Clown Trigger - _Balistoides conspicillum _

Option 2








Green Burmese Python

Option 3








Red Tail Boa

Option 4








Hyacinth Macaw

Option 5








Tiger Shovel Nose "The escape"

Option 6








henlei/motoro hybrid

Option 7








Pearls of the Orient ~ Lou Han

Option 8








African Pike


----------



## vlahos (Sep 7, 2003)

pic 2.....that python is sweet


----------



## Black-Phoenix (Oct 21, 2003)

yup great snake and pic!


----------



## DiXoN (Jan 31, 2003)

FH
dixon


----------



## mpdt (Jul 16, 2003)

Go with the bird !


----------



## Poseidon X (Jan 31, 2003)

Must be a real challenge to take pictures of still animals compared to taking aquatic pictures.


----------



## Death in #'s (Apr 29, 2003)

Poseidon X said:


> Must be a real challenge to take pictures of still animals compared to taking aquatic pictures.










good one


----------



## Husky_Jim (May 26, 2003)

Althought it's not the best picture i 've voted for the hyacinth Macaw cause it is my favorite bird.
Is that pic from a public zoo???????Who is the owner(lucky bastard) of that pic?

Jim


----------



## Poseidon X (Jan 31, 2003)

this is the PICTURE of the month contest... not the animal i like the best contest. You should vote for the bird if you think its the best picture not because you like the animal.


----------



## Innes (Jan 13, 2003)

people can vote for whatever reason they like....


----------



## Lahot (May 20, 2003)

well if we're going to vote for the best picture, I want to change my vote!
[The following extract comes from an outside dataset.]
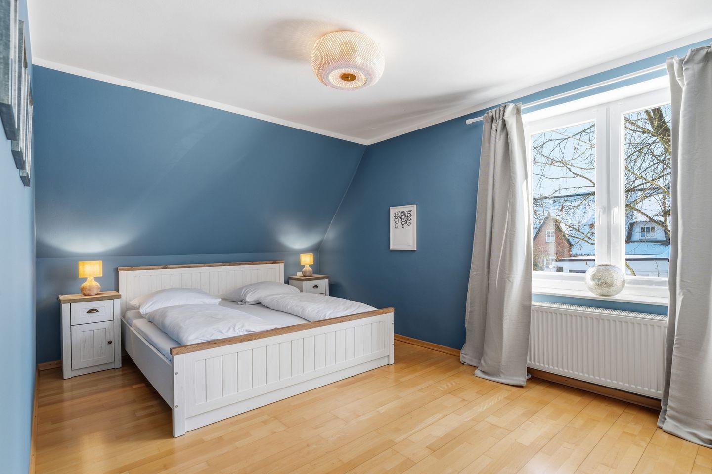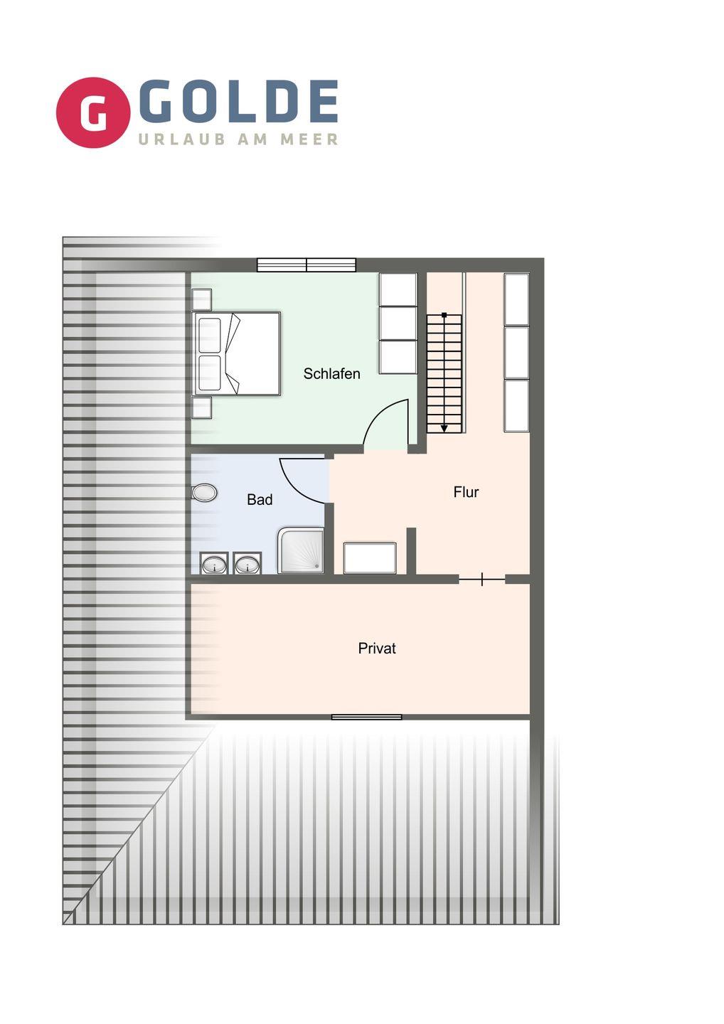 Über eine Holztreppe gelangen Sie in das Obergeschoss. Ein Schlafzimmer mit einem Doppelbett (1,80 x 2,00) ist ausgestattet mit einem großen Kleiderschrank. Darüber hinaus befindet sich im Obergeschoss ein weiteres Bad mit Dusche.

Great FH there BD (which is what I voted for), but as for the quality of the picture you cut off the tail. So I guess I'd want to change my vote to the best picture which is the TSN in my opinion.

I bitch to Innes every month that I think this contest should be fish only, but a fish has won it every single time.

The piranha POTM goes the same way, it's the favorite species that wins or the best carnage picture.

And this is also why people should not be allowed to comment about what picture they think is the best or which one they voted for until after the contest is over. Every single comment that is read before someone votes influences how they vote.


----------



## Atlanta Braves Baby! (Mar 12, 2003)

#2 rocks!


----------



## acestro (Jul 7, 2003)

nice pike :nod:


----------



## Vampor (Feb 15, 2003)

ver nice pics all, that pike looks like mine


----------



## Honda99_300ex (Apr 18, 2003)

husky_jim said:


> Althought it's not the best picture i 've voted for the hyacinth Macaw cause it is my favorite bird.
> Is that pic from a public zoo???????Who is the owner(lucky bastard) of that pic?
> 
> Jim


 It's My Aunt's Hyacinth









He is sweet!!


----------